Till the web arrived, we had a different model of building IT applications. The web changed all that. Web 2.0 which enabled everyone to become a content producer has changed something very fundamental.

Social computing evolved from participatory computing. While the consumer trend for social is kind of obvious and manifests itself through Twitter and Facebook, these concepts are just catching on in enterprises. Every Indian IT major, such as TCS and Cognizant, has its own social fabric which merges Facebook, Twitter, Blogs, wikis and a set of others for collaborative work.

Over the next few years you will see a few very different trends. Location awareness, context awareness will be driven by large amount of open data that will be accessible. ‘Augmented Reality' is just the tip of the iceberg. Wait till sensors and little devices start talking to each other and to your mobile devices and to the cloud.

This Internet of things will cause another fundamental shift. The shift will be at several levels – at the chip level (hundreds of cores), at the device level (smart phones more powerful than your current laptops), at the interaction level (smart devices talking to each other), application level (smart applications leveraging all these sensors for different uses), and interaction level (caused by touch, gestures and voice inputs).

In which areas of emerging IT do you see India playing a major role?

India can play many roles both as a consumer of the technology and a producer.

As a consumer, we will use more mobile devices and put them to more innovative uses especially in BOP apps. We will also consume every type of sensor to keep people healthier. The current generation is very socially aware. So we will take social computing to a level that no other nation can imagine.

At a producer level, if we handle our innovation infrastructure right, we will participate in every major trend. We can detect them earlier now and we may be a causing a few of our own. For instance, one of the top 10 companies in cloud computing is from Chennai called OrangeScape. One of the best charting applications is Fusion Charts from Pune, and they moved faster from Flash to HTML5.
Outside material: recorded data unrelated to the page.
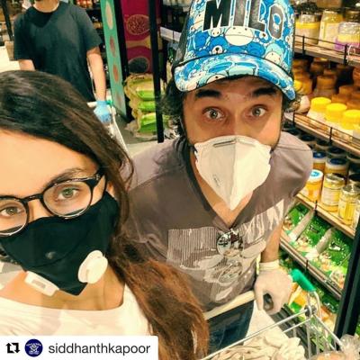 इस तस्वीर में श्रद्धा और सिद्धांत लॉकडाउन के बीच घर के लिए कुछ जरुरी सामान खरीदते हुए दिखाई दे रहे हैं। खरीदारी के दौरान श्रद्धा और सिद्धांत मास्क लगाए और ग्लव्स पहने हुए नजर आ रहे हैं।
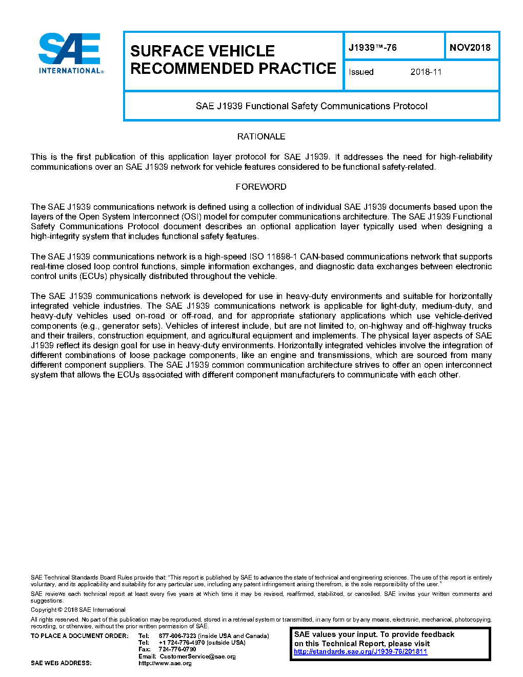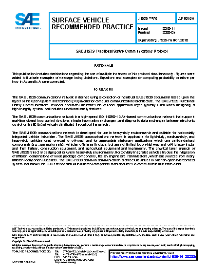 This document provides the technical requirements for implementing the SAE J1939 Functional Safety Communication Protocol in a manner determined suitable for meeting industry applicable functional safety standards.
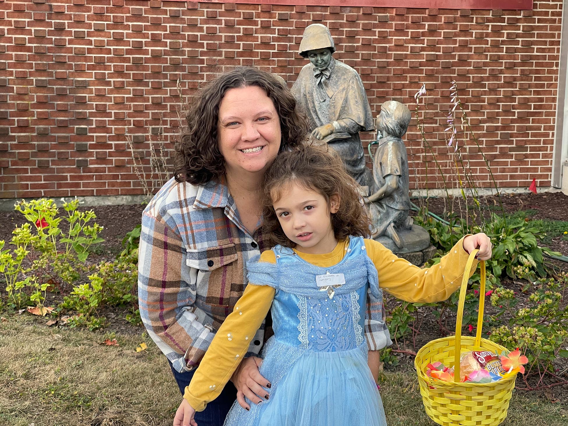 Madelyn Sweeney, dressed as St. Elizabeth of Hungary with a basket of bread and roses, is accompanied by her mother, Melissa Sweeney.
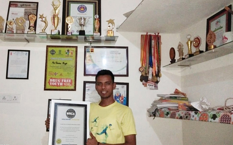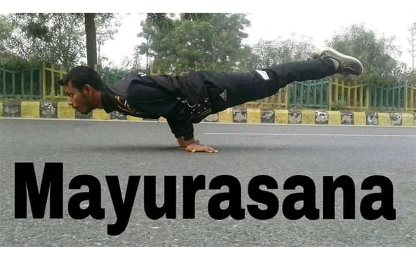 Mr. Pawan Singh has performed the Mayurasana position for 1 minute and 30 seconds on May 15th, 2018. Mr. Pawan has thus created a new world record of the Longest time of holding the Mayurasana position.
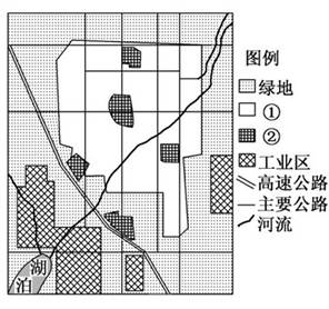 小题1:住宅区是城市最广泛的利用方式①的面积最大,应为住宅区;②位于市中心和交通干线两侧应为商业区。
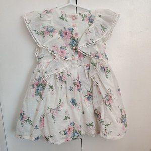 Floral white, pink, and blue dress with ruffle sleeves and matching bloomers. Sweet floral button detailing on the back. Perfect condition. Beautiful spring or Easter dress.
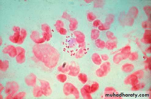 gonococcal urethritis. Gram-negative diplococci are seen within polymorphonuclear leucocytes.Management
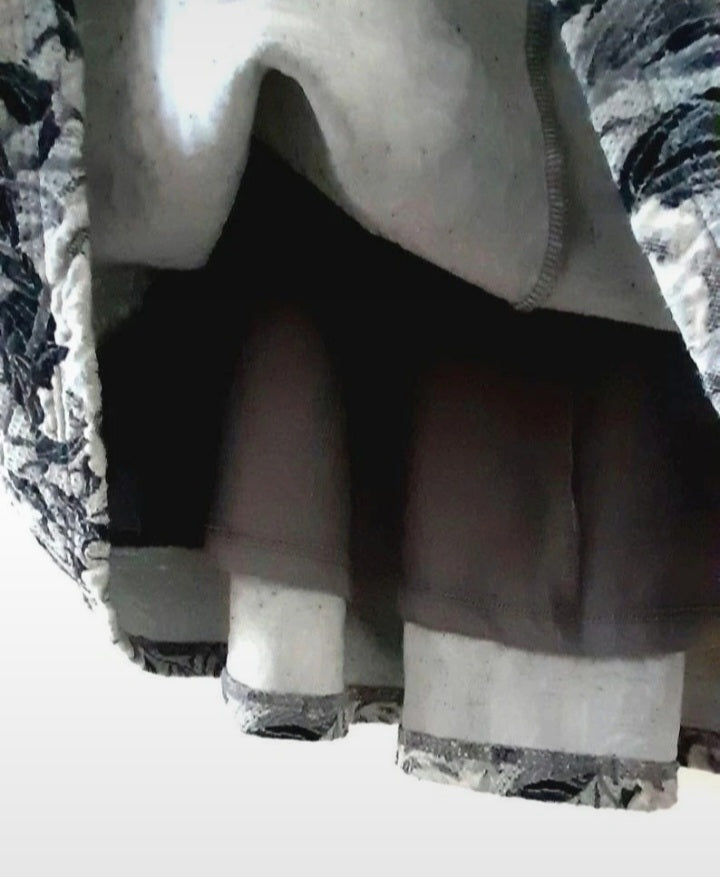 Has an elasticated waistband covered in soft grey material and an underskirt in the same fabric.

To leverage these emerging trends, we need to invest in product builders. We lack that community in the country. If we can shift from the service-based economy to product-based economy in IT, there will be several opportunities to innovate.

Would you like to discuss the methods that can be used for spotting the emerging technology trends?

There are several. We can use some simple tools to gather information from tweets, blogs, web pages, portals and create information pipes. We can apply NLP, pattern mining and machine learning technologies to surface some of the weak signals.

Your advice to entrepreneurs on how to be successful in the new-age IT.

Start with a niche and a micro-product. Even though risky, don't start with the same thing everyone else does (creating websites, providing Java/dotnet programmers). If you want to make money, find a pain point and provide a solution. If you want to have longer-term impact, do something unusual and very original.

Here are some audacious ones.

a) We know the world is going to go multicore. Is there an easy tool/language to build/optimise multicore applications?

b) We know that interactive books will be the norm. How many good and easy tools are there for authoring interactive animated content that is easy to use?

c) We know that cloud is going to be big. How many scripting languages are there to build an application on cloud in minutes?

I can go on and on. But a simple rule is watch emerging trends. Think about people who want to leverage those trends, and ask yourself what you can do to help them.

Any other points of interest…

Over the past about four decades, every decade I used to think that it is an exciting time to be in this business. But seeing what I am seeing, the rate of accelerated change opportunities abound. We cannot even imagine what each shift brings.

Watch a few information portals I am planning to set up over the next few months. There will be one for tracking emerging technologies and the basic information will be free for every one. I am pretty excited.